→ What the task asks
Only an exact copy of the lines from the one containing "Ο Τζέιλεν Γουίλιαμς" through the last line of the material below belongs in the answer, with no pictures.

→ Records to use
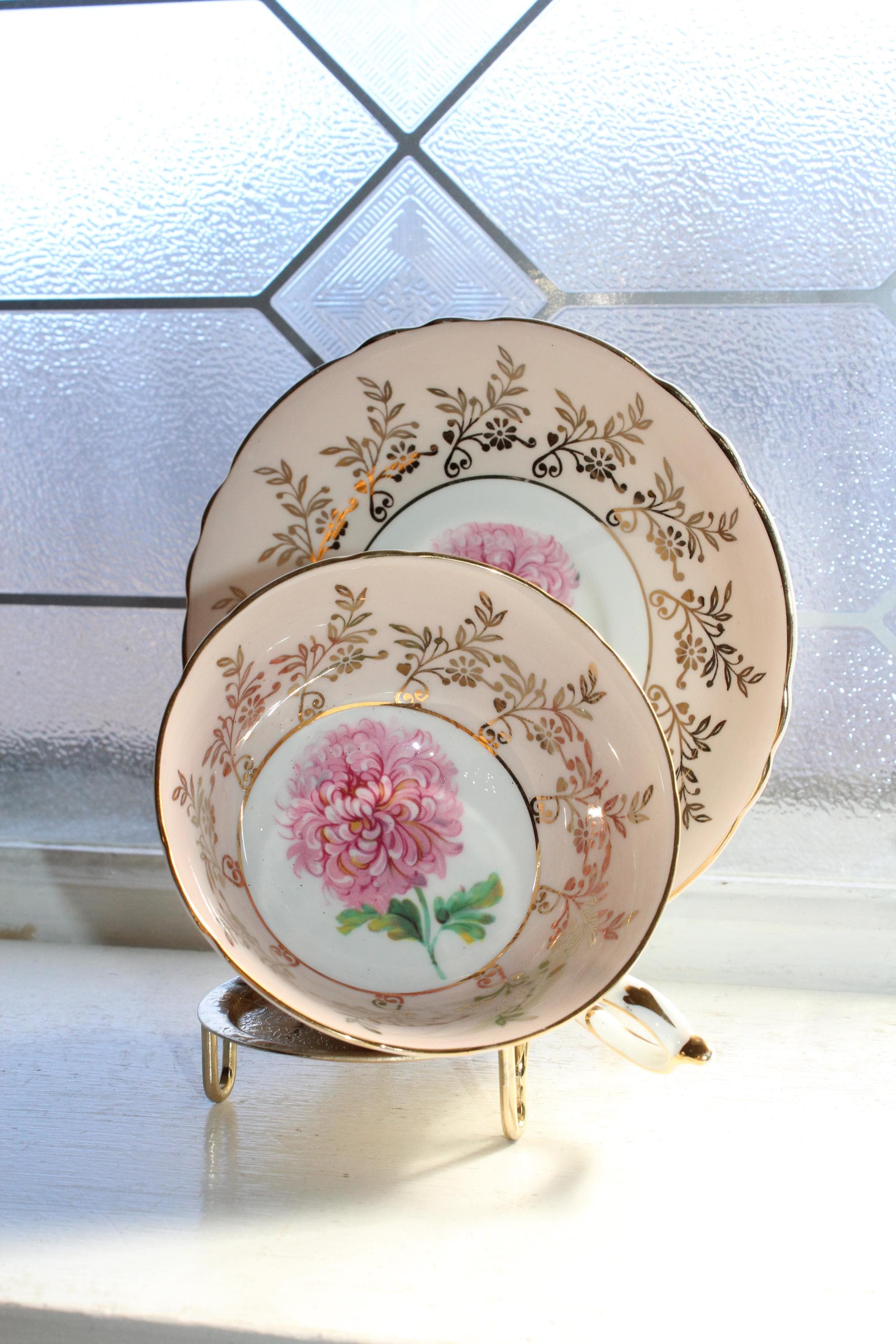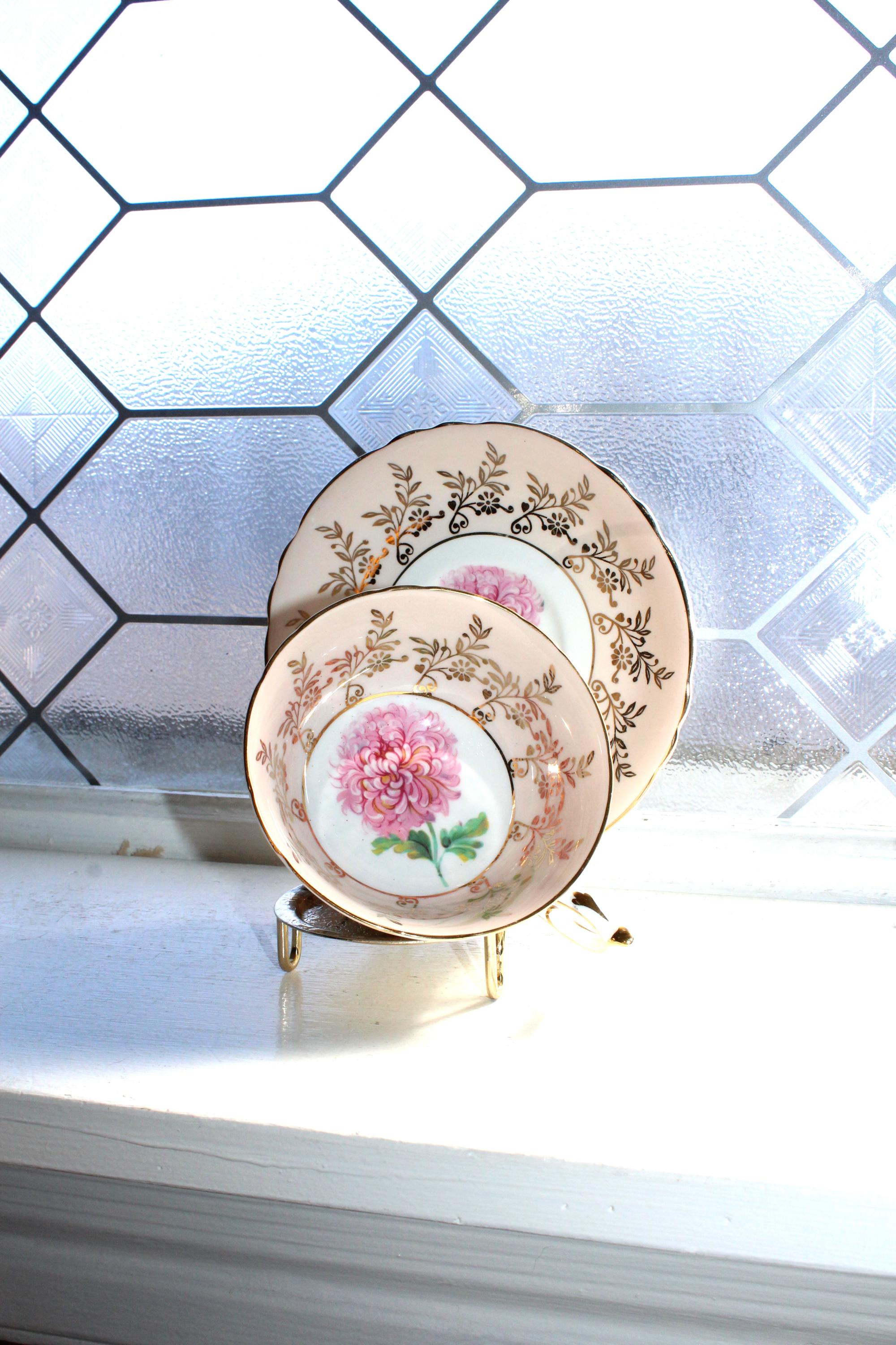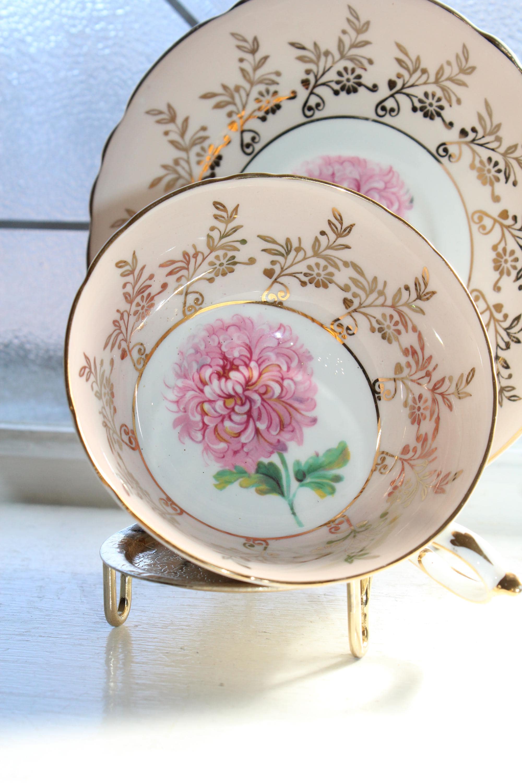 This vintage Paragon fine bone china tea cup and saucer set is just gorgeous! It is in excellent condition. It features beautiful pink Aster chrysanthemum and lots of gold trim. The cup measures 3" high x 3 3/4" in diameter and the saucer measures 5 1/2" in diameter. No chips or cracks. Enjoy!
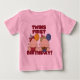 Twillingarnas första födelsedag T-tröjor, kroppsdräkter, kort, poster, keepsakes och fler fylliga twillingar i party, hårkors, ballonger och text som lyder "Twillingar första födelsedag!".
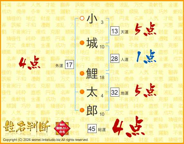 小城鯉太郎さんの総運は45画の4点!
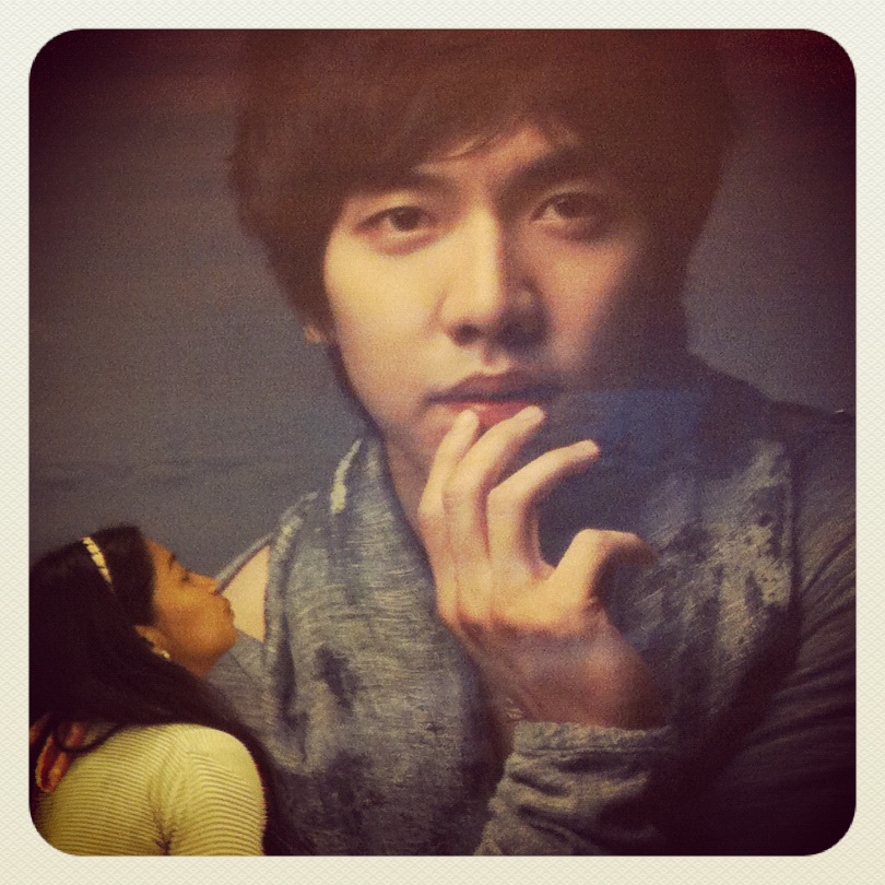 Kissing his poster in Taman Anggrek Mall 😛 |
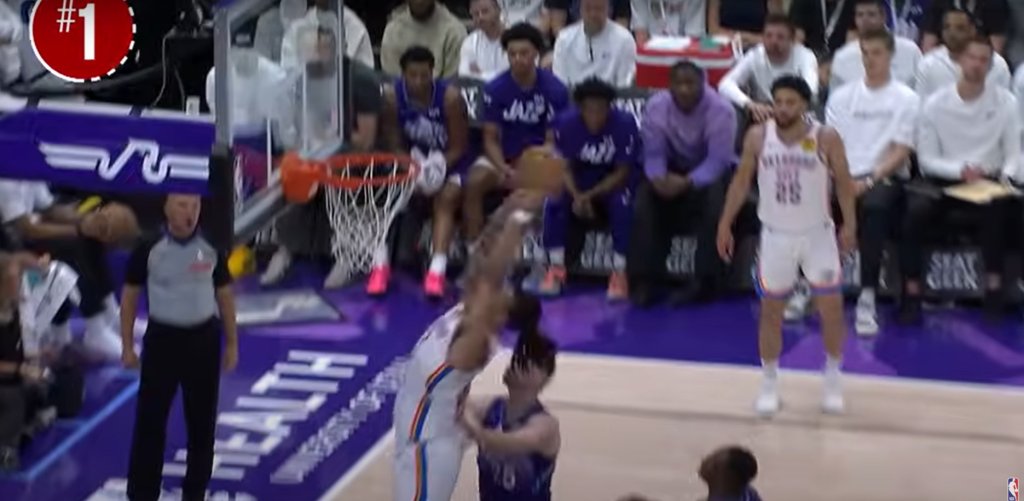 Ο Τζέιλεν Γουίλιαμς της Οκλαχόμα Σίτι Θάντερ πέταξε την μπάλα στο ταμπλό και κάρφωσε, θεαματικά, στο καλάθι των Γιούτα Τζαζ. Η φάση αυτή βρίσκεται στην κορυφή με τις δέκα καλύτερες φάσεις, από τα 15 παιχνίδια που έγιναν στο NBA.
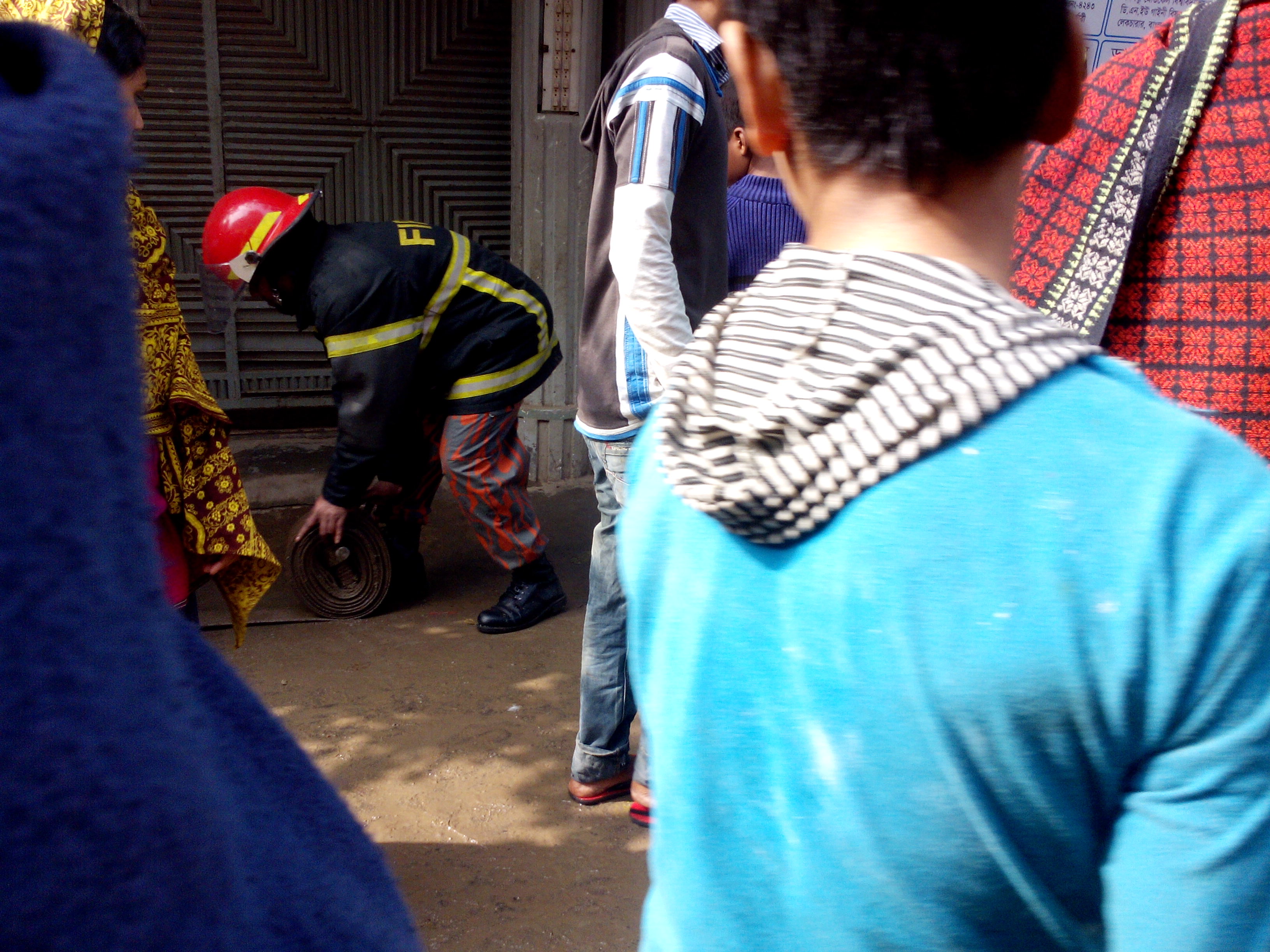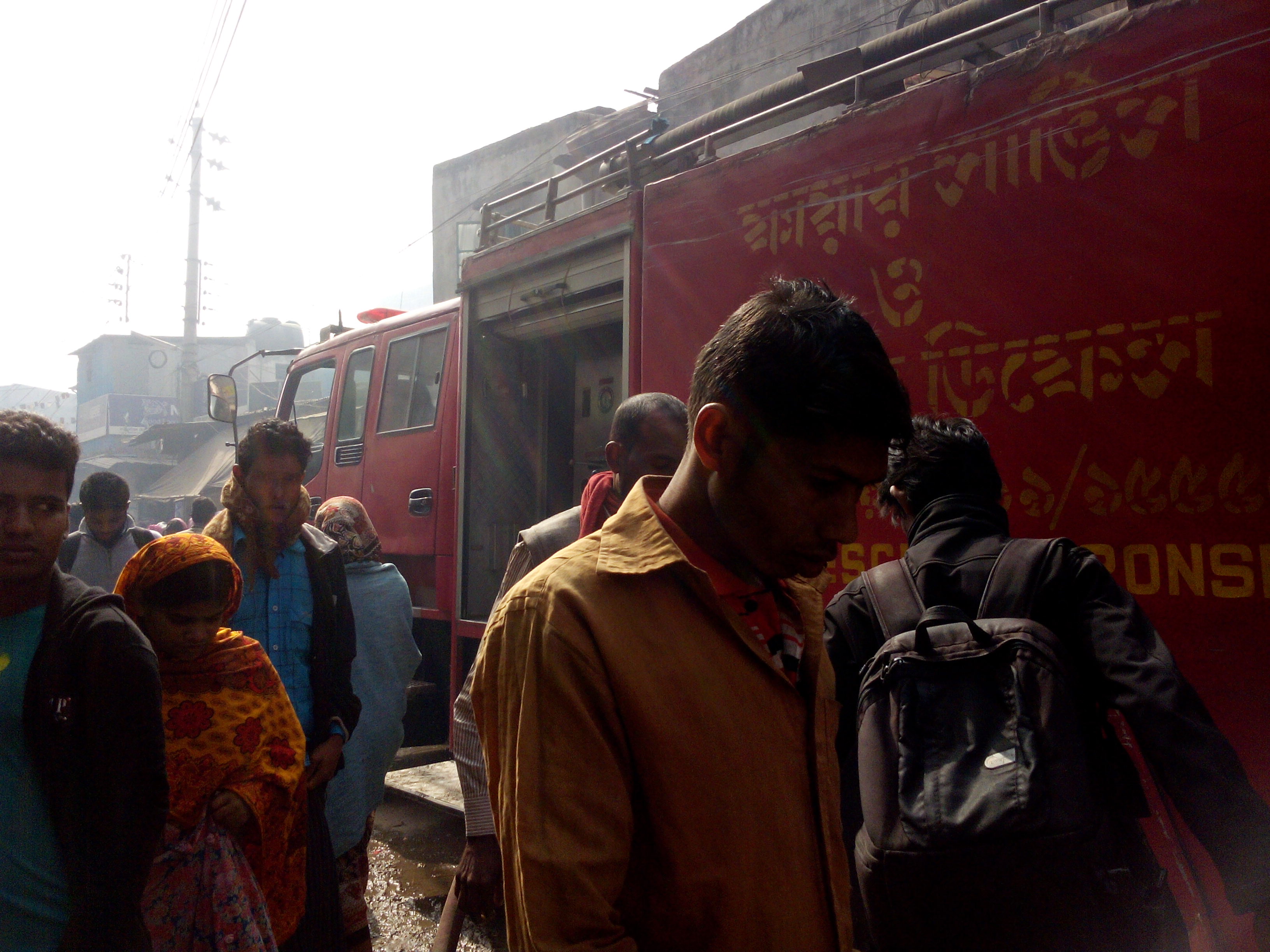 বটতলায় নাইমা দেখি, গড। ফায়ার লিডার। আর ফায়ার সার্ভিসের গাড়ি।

→ Answer to this task
 Ο Τζέιλεν Γουίλιαμς της Οκλαχόμα Σίτι Θάντερ πέταξε την μπάλα στο ταμπλό και κάρφωσε, θεαματικά, στο καλάθι των Γιούτα Τζαζ. Η φάση αυτή βρίσκεται στην κορυφή με τις δέκα καλύτερες φάσεις, από τα 15 παιχνίδια που έγιναν στο NBA.
 বটতলায় নাইমা দেখি, গড। ফায়ার লিডার। আর ফায়ার সার্ভিসের গাড়ি।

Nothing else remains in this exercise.